-- What the task asks --
The lines you return should be those containing the string "contra", taken from the data below.

-- Input data --
● ● ● ●

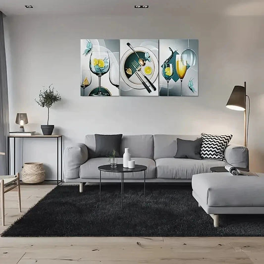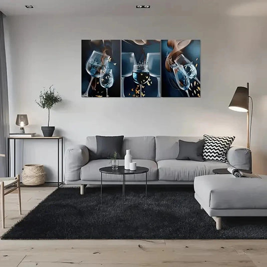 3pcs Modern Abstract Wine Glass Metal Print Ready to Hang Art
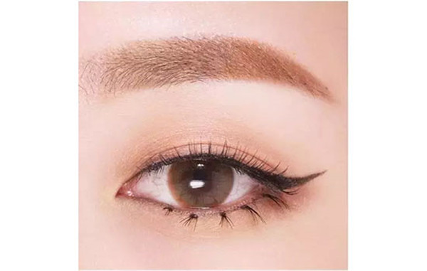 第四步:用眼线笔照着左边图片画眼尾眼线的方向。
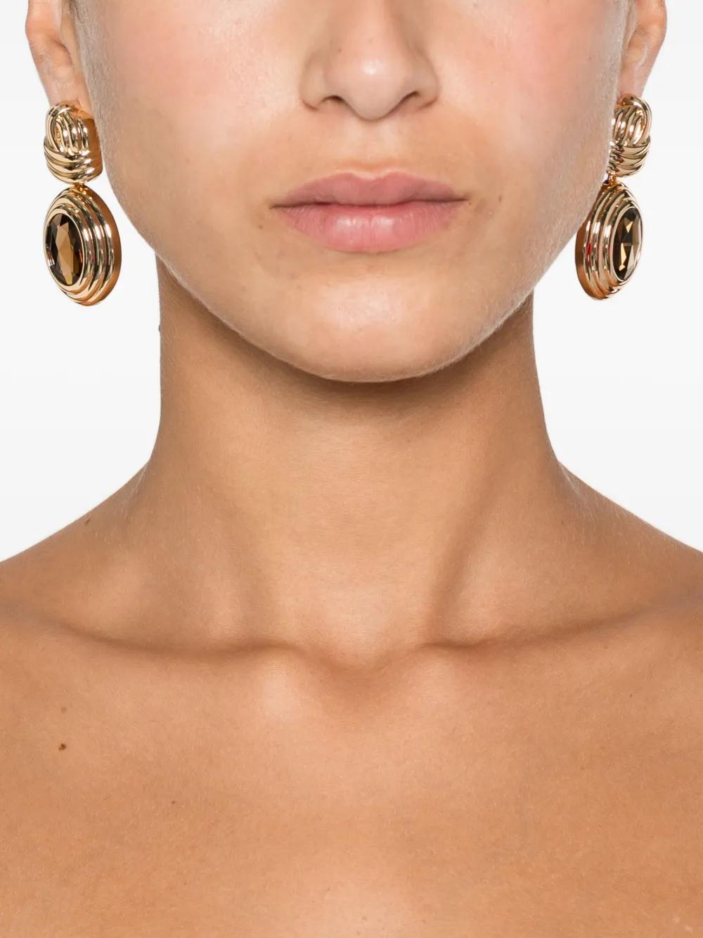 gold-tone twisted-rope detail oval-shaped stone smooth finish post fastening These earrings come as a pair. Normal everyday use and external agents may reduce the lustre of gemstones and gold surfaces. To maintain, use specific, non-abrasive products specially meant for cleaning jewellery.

● ● ● ●

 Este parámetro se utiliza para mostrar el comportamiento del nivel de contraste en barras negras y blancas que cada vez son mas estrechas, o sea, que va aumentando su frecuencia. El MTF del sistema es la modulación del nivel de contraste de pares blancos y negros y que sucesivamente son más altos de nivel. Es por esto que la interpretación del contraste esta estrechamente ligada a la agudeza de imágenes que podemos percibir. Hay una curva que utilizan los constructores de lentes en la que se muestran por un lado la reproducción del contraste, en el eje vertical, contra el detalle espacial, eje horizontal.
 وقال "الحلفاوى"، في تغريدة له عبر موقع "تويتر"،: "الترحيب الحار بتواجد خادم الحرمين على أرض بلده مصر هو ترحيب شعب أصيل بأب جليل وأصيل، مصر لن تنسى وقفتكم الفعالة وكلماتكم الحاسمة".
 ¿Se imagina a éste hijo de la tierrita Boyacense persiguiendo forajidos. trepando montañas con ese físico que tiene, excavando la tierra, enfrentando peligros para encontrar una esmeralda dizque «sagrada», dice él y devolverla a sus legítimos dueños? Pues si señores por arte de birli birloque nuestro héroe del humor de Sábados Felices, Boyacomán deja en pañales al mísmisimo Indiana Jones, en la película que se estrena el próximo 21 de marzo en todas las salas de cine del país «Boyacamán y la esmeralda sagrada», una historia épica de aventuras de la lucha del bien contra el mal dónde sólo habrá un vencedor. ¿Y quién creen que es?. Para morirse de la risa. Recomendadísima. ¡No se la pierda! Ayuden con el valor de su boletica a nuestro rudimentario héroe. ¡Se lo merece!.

● ● ● ●

-- Solution below --
 Este parámetro se utiliza para mostrar el comportamiento del nivel de contraste en barras negras y blancas que cada vez son mas estrechas, o sea, que va aumentando su frecuencia. El MTF del sistema es la modulación del nivel de contraste de pares blancos y negros y que sucesivamente son más altos de nivel. Es por esto que la interpretación del contraste esta estrechamente ligada a la agudeza de imágenes que podemos percibir. Hay una curva que utilizan los constructores de lentes en la que se muestran por un lado la reproducción del contraste, en el eje vertical, contra el detalle espacial, eje horizontal.
 ¿Se imagina a éste hijo de la tierrita Boyacense persiguiendo forajidos. trepando montañas con ese físico que tiene, excavando la tierra, enfrentando peligros para encontrar una esmeralda dizque «sagrada», dice él y devolverla a sus legítimos dueños? Pues si señores por arte de birli birloque nuestro héroe del humor de Sábados Felices, Boyacomán deja en pañales al mísmisimo Indiana Jones, en la película que se estrena el próximo 21 de marzo en todas las salas de cine del país «Boyacamán y la esmeralda sagrada», una historia épica de aventuras de la lucha del bien contra el mal dónde sólo habrá un vencedor. ¿Y quién creen que es?. Para morirse de la risa. Recomendadísima. ¡No se la pierda! Ayuden con el valor de su boletica a nuestro rudimentario héroe. ¡Se lo merece!.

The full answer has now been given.